According to the Reserve Bank of India guidelines, banks can invest upto five per cent of their incremental deposits in equities. However, this has not yet caught the fancy of the banking sector. Commercial banks continue to employ a substantial chunk of their deposits in zero-risk government securities.

The US-64 has invested about Rs 12 billion in equities of these three sectors since July 1998. Given the market support the scrips enjoy, the US-64's returns from such investments have appreciated considerably.

The trustees of the scheme are hoping to transform it into a debt- oriented fund by off-loading the equities which have depreciated considerably in value. Even stocks of public sector companies would be transferred at book value to the Special Unit Scheme 1999.

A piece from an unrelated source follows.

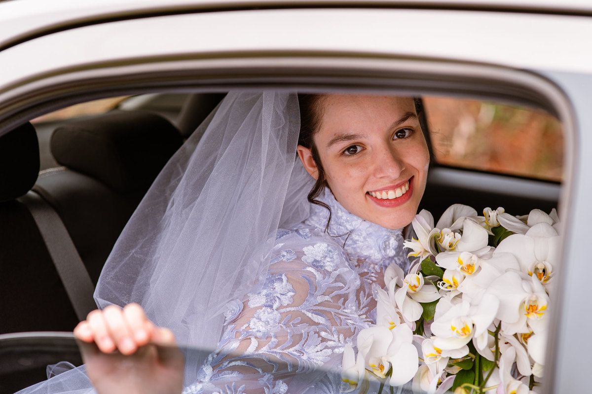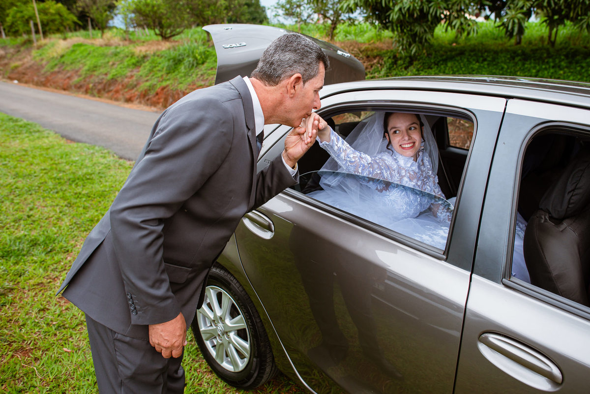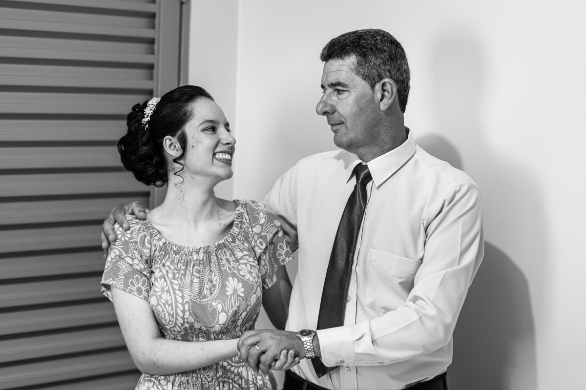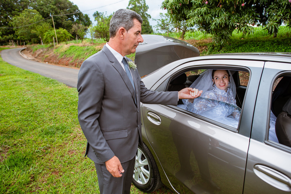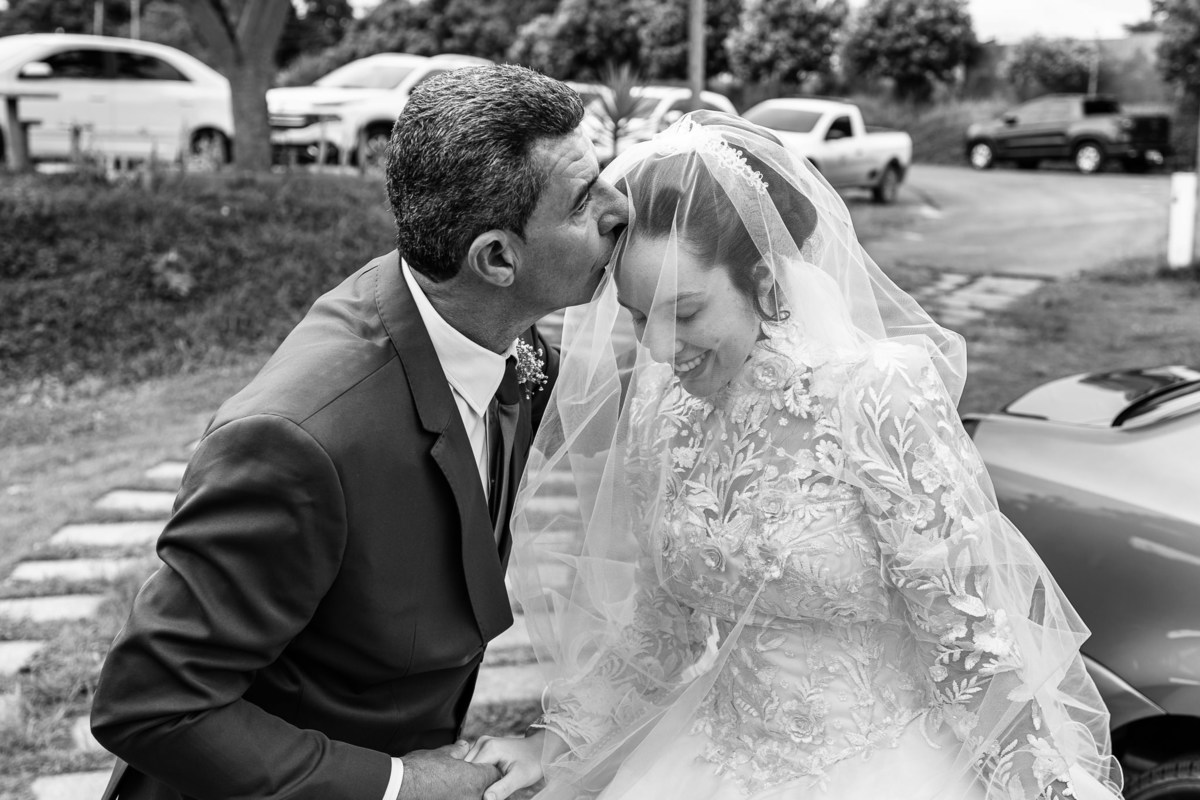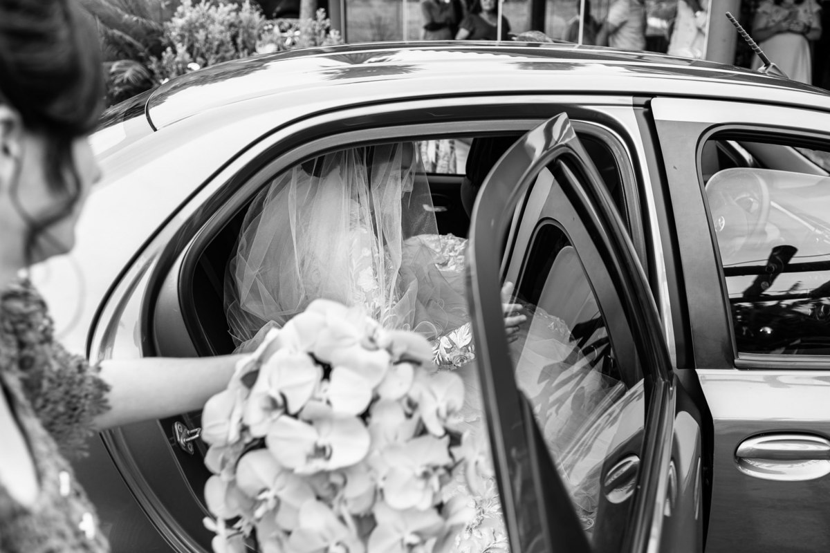 Ela fez também questão de que seu pai a visse pela primeira vez vestida de noiva e registrássemos a reação dele. E foi incrível ver tudo isso acontecendo dentro do lar deles. Registramos tudo e ainda tivemos tempo de fazer alguns retratos da noiva do lado de fora da casa. Então, partimos para a cerimônia. Lá chegando, os convidados estavam terminando de se organizar. Eduarda exalava felicidade, transbordando alegria. Fizemos suas tradicionais fotografias no carro e então a cerimônia foi iniciada. Padrinhos e madrinhas entraram e também a florista. Pouco depois, era a vez do noivo. Eduarda desceu do carro com a ajuda de seu pai que já de antemão estava ali do lado dela o tempo todo. De braços dados, eles se encaminharam para a entrada do salão. As cortinas foram fechadas e por entre elas era possível ver a silhueta dos dois. Adriel estava posicionado de costas para ter a melhor reação ao ver sua noiva pela primeira vez.

Experts feel that long-term rally in the market 'favourite' scrips would enable their retention in the US-64. Financial institutions and insurance companies also have said they will make higher investments in the capital markets. Heads of financial institutions have already announced more active participation in the secondary market.

The Life Insurance Corporation of India has invested Rs 80 billion in the markets during the current fiscal, an increase of Rs 20 billion over the previous year. LIC chairman G Krishnamurthy has indicated that the institution would continue its investments taking advantage of the post-Budget bullish phase.

According to experts, infotech, pharma and FMCG companies enjoy high market capitalisation on the bourses. The rally in these scrips has aided the post-Budget surge in the Sensex, given their weightage in the key stock indices of the capital market.

Two of the top three companies in terms of market capitalisation are from these sectors. FMCG major Hindustan Lever is at the top position with a market capitalisation of over Rs 500 billion, while Wipro is at the third position with a market capitalisation of around Rs 200 billion. Wipro is a highly diversified company. However, over 80 per cent of its revenues, lately, are coming from the infotech business. It also has a presence in fluid power, medical equipment, consumer goods.